Data:
━━━━━━
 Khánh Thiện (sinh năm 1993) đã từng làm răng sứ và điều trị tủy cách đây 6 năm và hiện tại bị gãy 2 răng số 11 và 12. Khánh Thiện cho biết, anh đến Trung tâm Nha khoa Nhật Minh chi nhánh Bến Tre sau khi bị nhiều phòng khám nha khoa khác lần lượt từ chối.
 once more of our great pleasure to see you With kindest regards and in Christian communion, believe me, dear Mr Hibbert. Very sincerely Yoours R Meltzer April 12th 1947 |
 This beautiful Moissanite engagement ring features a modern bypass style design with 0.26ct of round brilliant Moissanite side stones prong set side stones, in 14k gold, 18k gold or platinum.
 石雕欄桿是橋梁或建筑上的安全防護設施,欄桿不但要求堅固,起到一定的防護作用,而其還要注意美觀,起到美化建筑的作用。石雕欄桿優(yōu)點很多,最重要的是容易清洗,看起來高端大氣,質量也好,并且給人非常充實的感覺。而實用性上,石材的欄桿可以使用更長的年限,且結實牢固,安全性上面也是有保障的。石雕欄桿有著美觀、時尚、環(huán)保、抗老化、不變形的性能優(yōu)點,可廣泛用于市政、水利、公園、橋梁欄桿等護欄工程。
━━━━━━
With the line containing "This beautiful Moissanite" as the first and the last line of the data as the final one, copy every line between them exactly, those two included.

Reply to the exercise:
 This beautiful Moissanite engagement ring features a modern bypass style design with 0.26ct of round brilliant Moissanite side stones prong set side stones, in 14k gold, 18k gold or platinum.
 石雕欄桿是橋梁或建筑上的安全防護設施,欄桿不但要求堅固,起到一定的防護作用,而其還要注意美觀,起到美化建筑的作用。石雕欄桿優(yōu)點很多,最重要的是容易清洗,看起來高端大氣,質量也好,并且給人非常充實的感覺。而實用性上,石材的欄桿可以使用更長的年限,且結實牢固,安全性上面也是有保障的。石雕欄桿有著美觀、時尚、環(huán)保、抗老化、不變形的性能優(yōu)點,可廣泛用于市政、水利、公園、橋梁欄桿等護欄工程。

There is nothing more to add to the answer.